2. Otra cosa distinta es que la valoración de las condiciones objetivas en las que se profiere la expresión difamatoria sea
interpretada de manera deficiente. Es lo que ocurre, por ejemplo, en la sentencia del 8 de abril de 1998(55), en la que se
afirma, a razón de unas expresiones presuntamente difamatorias, que “éstas no fueron vertidas intencionalmente, sino
como producto del estado emocional en que se encontraba el procesado, si se tiene en cuenta que éste sufrió traumatismo
encéfalo craneano moderado (…) no ha habido la conciencia y voluntad de dañar el honor del agraviado, máxime que éste
al declarar a fojas cuarentaiocho se retracta de las expresiones que en un determinado momento emitió”. Aquí llama la
atención que se niegue la intencionalidad de la difamación por el traumatismo que sufría el procesado, ya que ello sería
motivo, en todo caso, y en la medida en que concurriesen los demás elementos, para afirmar la inimputabilidad momentánea
que pudo padecer el procesado (artículo 20.1 CP). Esta situación conllevaría a afirmar la falta de culpabilidad del sujeto y
no su falta de intencionalidad, dado que la consecuencia del traumatismo encéfalo craneano no es impedir la voluntariedad,
sino evitar, como posible causa de alteración de la conciencia, que el hecho antijurídico (y por tanto intencional) sea
atribuido al agente. Además, es también curioso que se diga que no hay conciencia y voluntad de dañar el honor porque
el procesado se ha retractado. Es curioso, en primer lugar, porque el retractarse presupone haber hecho algo de lo cual el
sujeto se retracta, que aquí solo puede ser el haber proferido una expresión difamatoria, pues en cualquier otro caso no
tendría sentido retractarse. En segundo lugar, el retractarse de una expresión no puede ser visto como desistimiento
voluntario (artículo 18 CP), puesto que es posterior a la expresión difamatoria. Por lo mismo, solo puede ser visto como un
mero arrepentimiento, lo que supone que el delito se ha cometido.

5. EPÍLOGO
Lo que he pretendido en este espacio ha sido demostrar que el artículo 132 CP que regula el delito de difamación no prevé
un elemento subjetivo del tipo distinto al dolo, no solo porque así lo demuestran consideraciones gramaticales, sino también
porque no es necesario desde el punto de vista de la naturaleza del delito y de la necesidad de protección jurídico-penal
del bien jurídico honor y reputación. No he analizado los tipos de los delitos de injurias y calumnia, para los cuales la
jurisprudencia y doctrina, en gran número, exige también un elemento subjetivo del tipo distinto del dolo (animus
iniuriandi y calumniandi¸ respectivamente). Al respecto considero válidos los argumentos que he expuesto en torno al animus
difamandi. Tampoco he entrado al debate en torno al concepto de honor y reputación como bienes jurídicos protegidos en
el delito de difamación, ni efectuado un análisis exhaustivo del tipo de lo injusto de la difamación.

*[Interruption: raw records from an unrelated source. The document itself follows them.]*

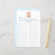 Eine charmante "Baby Items" Liste, ideal für Babyduschen. Oben verleiht ein süßer, teddyscher Bärensymbol ein Gefühl sanfter Wärme. Unterhalb des Bären steht der Titel in einem sanften, einladenden Schriftart, in dem die Eltern ihre Kenntnisse über Babyartikel vermitteln können. Ein großzügiger, von Bäumen gesäumter Bereich ermöglicht es den Gästen, Babyartikel zu schreiben, was für die Eltern, die noch auf der Suche nach einem Kind sind, niedlich ist. Diese Karte ist eine nachdenkliche Möglichkeit für Freunde und Familie, ihre Erfahrungen zu teilen und die neuen Eltern an Babyartikel zu erinnern, an die sie sich erinnern können.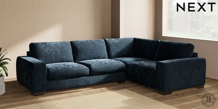 7.2.10 Houghton Deep Sit Large Corner Sofa - Right Hand Distressed Velour Midnight Blue Large Square Angle - Gunmetal | Made Click here to use our website with more accessibility support, for example screen readers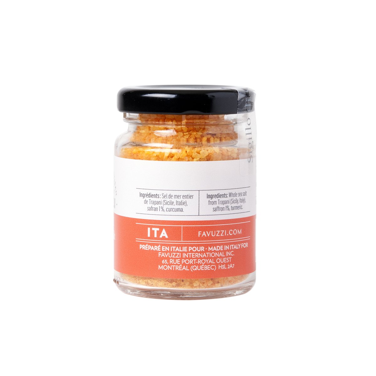 Sel de mer entier de Trapani (Sicile, Italie), Safran 1 %, Curcuma.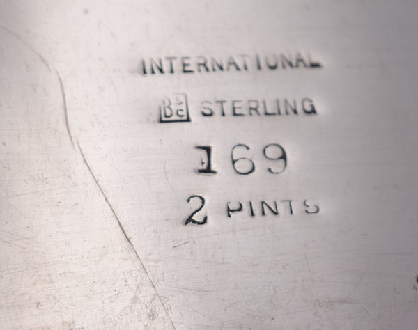 Continental by International sterling silver large flask stamped #169, 2 PINTS. It measures 9" tall x 5 1/4" wide and weighs a heavy 19.6 troy ounces. It is not monogrammed and is in good vintage condition with a few minor dings/imperfections, as expected with age. Wonderful piece!
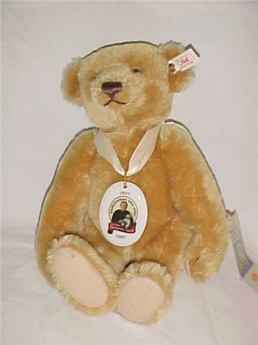 670190 White Tag 1997 08964 Porcelain Tag 1997, Teddy Bar 28 Certificate around Neck ,Yellow 11 1/2 in.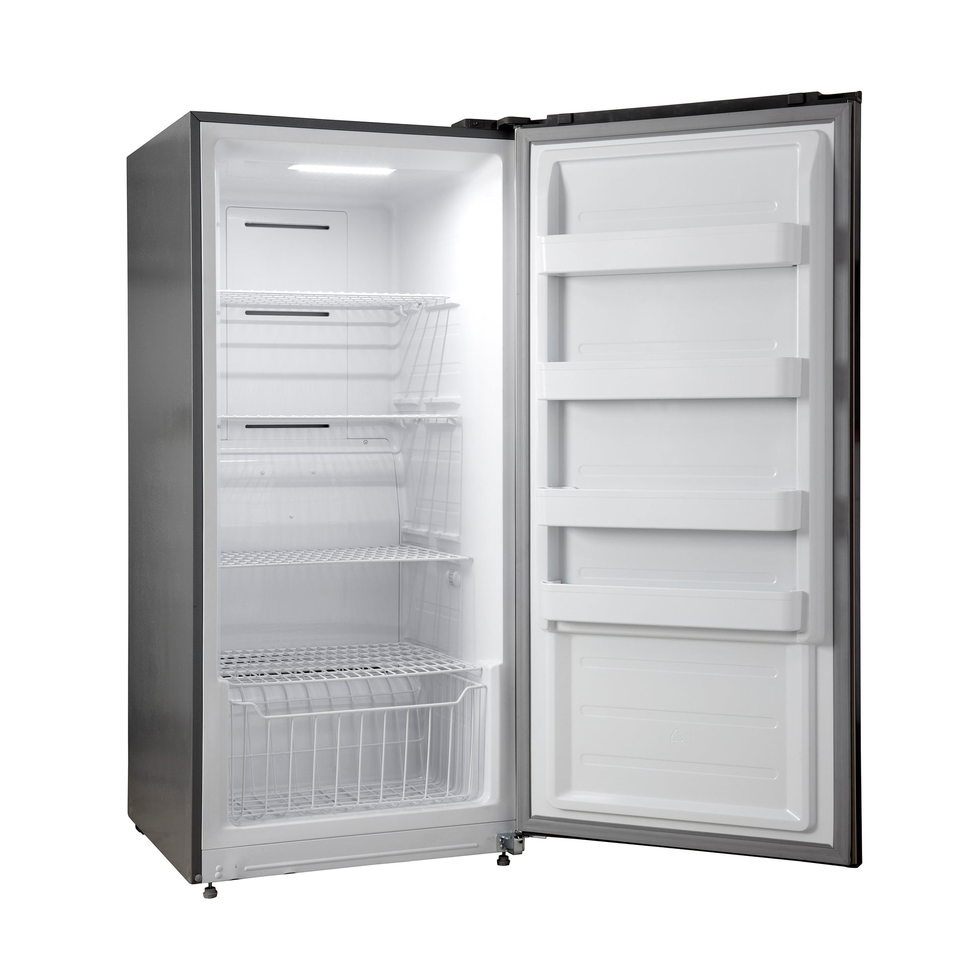 * The 28-inch Rizzuto Upright Convertible Freezer Right Swing * Convertible function transitions between refrigerator and freezer modes with ease for versatile storage * 13.8 cu.ft. storage capacity with 4 glass shelves and crisper drawer. * Four spill-proof glass shelves, with two being adjustable for flexible organization. * Large, full-width drawer easily removable for effortless cleaning. * High-efficiency LED lighting ensures uniform illumination, making every corner visible and preventing food spoilage.

Simplemente me he
limitado a analizar una tendencia jurisprudencial que, a mi modo de ver, no solo no tiene respaldo normativo, sino que,
lejos de permitir una adecuada protección del honor, genera una serie de disfunciones dogmáticas y procesales que
entorpecen su tutela penal.
Por último, me interesa llamar la atención sobre un peculiar dictamen fiscal(56), cuyos argumentos fueron luego recogidos
por la Corte Suprema(57), en donde teniéndose la oportunidad de señalar que el animus difamandi no forma parte del tipo
de la difamación (pues este dato aparecía en el escrito de querella), se optó, una vez más, por la teoría del animus
difamandi: “El querellante reconoce: si bien no me atribuye la comisión de un delito, al dejar entender que puedo cometerlo,
me está atribuyendo no un hecho ni una conducta, sino una cualidad que… puede perjudicar mi honor o reputación. Para
al final concluir, que ‘la ausencia de ánimus difamandi o injuriandi no puede ni debe confundirse con la falta de dolo’.
Afirmaciones que fluyen del propio escrito de querella, que desvanecen la existencia del delito de difamación sancionado
por el artículo 132 del Código Penal…”. Resulta anecdótico que cuando el querellante pone en bandeja los argumentos que
han de ser tomados en cuenta a la hora de resolver el caso, éstos sean utilizados en su propia contra por una indebida
interpretación de la ley penal, en concreto, del tipo de lo injusto de la difamación.